Developed market equities continued to rally in the last quarter of 2021, providing investors with strong positive returns for a third year in a row. Government bond returns were mixed over the year with US and UK markets now pricing in rising inflation and a faster pace of interest rate hikes.

The emergence of the Omicron variant led to a spike in equity market volatility at the end of November, but markets quickly recovered as data from South Africa and the UK indicated a lower risk of severe disease.  Current corporate earnings strength and the prospect of further growth in 2022 outweighed the risks surrounding COVID.

The rapid increase in infections towards the end of 2021 did however begin to impact global economic growth prospects.  The fear of weaker future growth due to projected central bank policy normalisation led to a flattening of the US yield curve, and uncertainties weighed on the performance of large cap stocks.  The fall in December’s services purchasing managers’ indices in the US, the Eurozone and the UK indicated that the service sector is losing some momentum, however global manufacturing sentiment is relatively resilient despite supply constraints and rising input prices. This bodes well for corporate earnings which are more closely linked to manufacturing than services and the less damaging than anticipated effect from Omicron compared to previous variants should be positive.

In the US, President Biden signed the Infrastructure Investment and Jobs Act, a $1.2 trillion infrastructure bill allocated to upgrading America’s transportation sector, water and power infrastructure, broadband and the environment. Strong performance from financial assets and real estate along with elevated household savings means the US consumer may have significant strength going forward.

Inflation remains a key issue.  In December, three of the four major developed market central banks indicated that they have greater concerns about inflation heading into 2022 than about the potential economic disruption from the Omicron variant.  US inflation increased to 6.80% year on year in November which is the highest level in 39 years while unemployment fell to 4.20%.  The current Federal Reserve target interest rate will be maintained at a range of 0.00% to 0.25% however there are plans to accelerate the tapering of asset purchases in the first quarter of 2022, with three interest hikes expected in 2022.  UK inflation (CPI) rose to 5.10% year on year and unemployment fell to 4.20%; a new record in job vacancies is a clear indication of increasing labour market tightness.  The Bank of England raised interest rates by 0.15% to 0.25% in December.

In Europe, an unreliable supply of Russian gas and falling investments in thermal energy led to a sharp rise in gas and electricity prices, which contributed to rising inflation.  The European Central Bank confirmed that the pandemic emergency purchase programme would end in March 2022 with the first interest rate rise expected towards the end of the year.

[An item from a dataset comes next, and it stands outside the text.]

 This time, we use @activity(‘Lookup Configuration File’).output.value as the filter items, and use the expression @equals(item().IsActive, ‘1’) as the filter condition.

China is heading in the opposite direction to the US and UK, with the People’s Bank of China showing an easing approach while staying cautious on the level of leverage.  In 2021, Chinese equities significantly underperformed global equities, contributing to the c. 25% underperformance of emerging market equities compared to developed markets. More supportive fiscal and monetary policy and a less restrictive regulatory environment should provide a better backdrop for China in 2022.  The long term growth and investment outlook for emerging markets in general remains attractive, however the prospect of higher US interest rates could continue to be a headwind.

Due to the spread of Omicron, the first few months of 2022 may be challenging for the global economy as continued pandemic-related restrictions could coincide with disappointing economic data.  It appears that the market has been willing to look through the near-term risks as indications of the severity of the virus have been encouraging but any disappointment could lead to increased market volatility.

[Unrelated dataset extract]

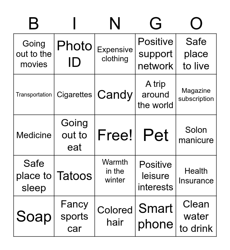 This bingo card has a free space and 35 words: Going to the Fair, Video games, Cable TV, Cigarettes, Warmth in the winter, Positive support network, Transportation, Soda, Candy, Clothes, Medicine, Safe place to live, Health food, Shampoo, Going out to the movies, Pet, Smart phone, Going out to eat, Safe place to sleep, Clean water to drink, Positive leisure interests, Soap, Health Insurance, Fancy sports car, Expensive clothing, Magazine subscription, Expensive jewelery, Access to oral care, A trip around the world, Solon manicure, Alcohol, Colored hair, Tatoos, Photo ID and p.

The prospect of another year of strong economic growth and rising corporate earnings may bode well for equity markets however some of the key risks to watch closely include Omicron, geopolitical tensions, structural inflation threats and importantly normalising fiscal and monetary policy.  This scenario could support a rotation towards more economically sensitive areas with lower valuations including banks, healthcare and natural resources.  Persistent inflationary pressures and the prospect of higher interest rates would continue to be a headwind for fixed income markets.


Market Performance


2021 Total Returns
FTSE All-Share +18.32%
FTSE World ex-UK +22.23%
FTSE Actuaries UK Conventional Gilts All Stocks -5.16%
FTSE Actuaries UK Index-Linked All Stocks +4.16%


Total returns in GBP to 31/12/2021



Key Rates  
Bank of England Base Rate 0.25%
Inflation (Retail Price Index)* 7.10%


* November 2021

Source of data: FE Analytics,,

The content contained in this article represents the opinions of MacIntosh & James Partners Ltd. The commentary in no way constitutes a solicitation of investment advice and should not be relied upon in making investment decisions. Past performance is not a reliable indicator of future results. The value of your investments can fall as well as rise and are not guaranteed.